3.4 Domain-invariant classifier for implicit domain alignment

Previous UniDA methods commonly reduce the domain shift by feature alignment for shared classes across domains, while a mis-identification of target unknowns further incurs mis-alignment across domains. In UACP, an implicit domain alignment is conducted directly in the output space. Specifically, a domain-invariant classifier is trained such that samples across domains share the same decision boundary, though exhibit different feature distributions.

First, the source supervision is adopted for both feature extractor and classifier learning in Sect. 3.2. Due to the lack of target ground-truth, we further propose to leverage the self-supervised knowledge from target data. Our idea is that nearby samples should be close to each other in feature space, so as to generate well-clustered features for target data. A memory bank is utilized as $V=\{v_1,v_2,\ldots , v_{N_t}\}$, where $v_i$ is the stored feature vector for $x_i$, and it is updated with the mini-batch features in each iteration. Then the similarity between feature $f_i=F(x_i)$ and stored feature $v_j$ with $i\ne {j}$ is calculated as,

$$\begin{aligned} p_{i,j}=\frac{exp(v_j^\top f_i)/\tau }{\sum _{r=1,r\ne {i}}^{N_t}exp(v_r^\top f_i)/\tau } \end{aligned}$$

(6)

where temperature $\tau$ determines the level of concentration (Hinton et al., 2015). $p_{i,j}$ actually describes the probability that feature $f_i$ is a neighbor of $v_j$. To enforce samples be close to its nearby neighbors, a self-supervised feature clustering loss is adopted for target samples as,

$$\begin{aligned} {\mathcal {L}}_{SFC}=-{\mathbb {E}}_{(x_i^t)\in {\mathcal {D}}_t}\sum _{j=1,j\ne {i}}^{N_t}p_{i,j}log(p_{i,j}) \end{aligned}$$

(7)

Minimizing the above loss actually minimizes the entropy of each target sample’s similarity distribution to other target samples, thus helps gather similar target samples together to form compact clusters, and separate target samples from different clusters in the feature space.

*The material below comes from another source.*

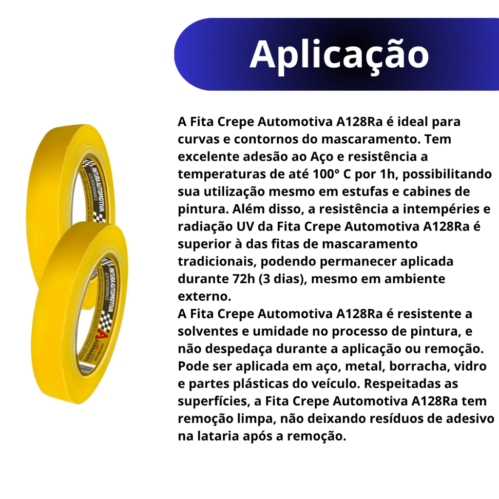 kit 3 Unidades Fita Crepe Automotiva A128RA PRODUTO ORIGINAL COM NOTA FISCAL A Fita Crepe Automotiva A128Ra é apresentada na cor amarela, tem alta performance e foi especialmente desenvolvida para profissionais, contendo componentes que favorecem a aplicação não só para mascaramento automotivo, mas para todas as etapas de funilaria e pintura, sendo a Fita Crepe mais indicada até mesmo em centros de estética automotiva. Aplicação A Fita Crepe Automotiva A128Ra é ideal para curvas e contornos do mascaramento. Tem excelente adesão ao Aço e resistência a temperaturas de até 100° C por 1h, possibilitando sua utilização mesmo em estufas e cabines de pintura. Além disso, a resistência a intempéries e radiação UV da Fita Crepe Automotiva A128Ra é superior à das fitas de mascaramento tradicionais, podendo permanecer aplicada durante 72h (3 dias), mesmo em ambiente externo. A Fita Crepe Automotiva A128Ra é resistente a solventes e umidade no processo de pintura, e não despedaça durante a aplicação ou remoção. Pode ser aplicada em aço, metal, borracha, vidro e partes plásticas do veículo. Respeitadas as superfícies, a Fita Crepe Automotiva A128Ra tem remoção limpa, não deixando resíduos de adesivo na lataria após a remoção. Resumo dos Atributos - Fita Crepe Automotiva A128Ra: • Cor Amarela, para melhor visibilidade após aplicada • Alta Performance • Evita retrabalhos • Excelente adesão ao Aço • Resiste a até 100° C por 1h • Resiste até 3 dias em ambiente externo • Remoção Limpa, sem deixar resíduo na lataria • Resistência a UV • Resistência a solventes e umidade • Remoção em até 72h se exposta ao Sol • Indicada para Funilaria e Pintura • Excelente desempenho em curvas e contornos do mascaramento automotivo ADERE Nossa trajetória começou em 1967 com a missão de fazer a diferença na vida das pessoas e das indústrias, através de soluções que aderem. Com muito trabalho, dedicação e amor pela nosso missão, avançamos e crescemos gradualmente nos quesitos equipe, estrutura, tecnologia e portfólio de produtos. Hoje, somos uma marca estabelecido no mercado, sendo referência nacional e internacional. Conectamos dezenas de linhas de produtos e centenas de itens em portfólio aos nossos clientes e consumidores, entregamos em mais de 10 países, distribuídos em 5 continentes. Nos orgulhamos muito da estrada percorrida até aqui, os prêmios conquistados reafirmam que estamos no caminho certo, assim como as nossas certificações ISO 9001, ISO 14001e o selo FSC®. que afirmam o nosso compromisso e consciência ambiental. Estamos presentes também no dia a dia das pessoas, nas casas, nos escritórios, na construção civil e também na indústria. Com mais 43 famílias de produtos e mais de 1.000 itens em comercialização, que atendem a diversos mercados como:

Further, the low-density separation for target data has already been enforced over MC predictor in Eq. (5). It is also conducted on OVA predictors to seek a domain-invariant classifier across domains. Specifically, entropy minimization (Saito et al., 2019) is performed over each OVA predictor by,

$$\begin{aligned} {\mathcal {L}}_{TOVA}=-{\mathbb {E}}_{(x_i^t)\in {\mathcal {D}}_t}\sum _{k=1}^{K}\{p_{{ova}^{k}}^+(x_i^t)log(p_{{ova}^{k}}^+(x_i^t))+p_{{ova}^{k}}^-(x_i^t)log(p_{{ova}^{k}}^-(x_i^t))\} \end{aligned}$$

(8)

It is minimized to increase the prediction confidence of OVA predictors. In this way, the shared classes across domains are implicitly aligned, while the target unknowns are kept away from the known classes.

3.5 Overall training objective for UACP

The final learning objective of UACP can be formulated as,

$$\begin{aligned} \mathop {min}\limits _{\theta _F,\theta _{CC}}({\mathcal {L}}_{CE}+{\mathcal {L}}_{SOVA})+(\alpha \cdot {\mathcal {L}}_{SFC}+\beta \cdot {\mathcal {L}}_{TOVA}+\gamma \cdot {\mathcal {L}}_{ESL}) \end{aligned}$$

(9)

where $\alpha$, $\beta$, and $\gamma$ control the trade-off for each component in Eq. (9). In each iteration, the memory bank updates a batch target features and the network updates parameters $\theta _F$ and $\theta _{CC}$. The algorithm description for UACP is given in Algorithm 1.

4 Experiments

We validate the proposed UACP mainly with two adaptation settings, open-set domain adaptation and universal domain adaptation.

4.1 Setup

4.1.1 Datasets

We perform experiments on four popular benchmark datasets in UDA: Office-31 (Saenko et al., 2010), Office-Home (Venkateswara et al., 2017), VisDA (Peng et al., 2017), and DomainNet (Peng et al., 2019). Office-31 consists of 31 categories in 3 domains, i.e., DSLR(D), Amazon(A) and Webcam(W), with totally 4652 images. Office-Home contains 15500 images from 4 different domains, i.e., Artistic images (Ar), Clipart images (Cl), Product images (Pr), and Real-World images (Re). VisDA is a more challenging dataset, which consists of 15K source synthetic images and 5K target natural images. DomainNet contains 345 classes and 6 domains, and following Fu et al. (2020), we use 3 domains Painting(P), Real(R), and Sketch(S). Similar to Li et al. (2021), we split classes into three parts: common classes across domains $|{L_s}\cap {L_t}|$, source-private classes $|{L_s}-{L_t}|$, and target-private classes $|{L_t}-{L_s}|$. The details of category division in the four datasets are shown in Table 1.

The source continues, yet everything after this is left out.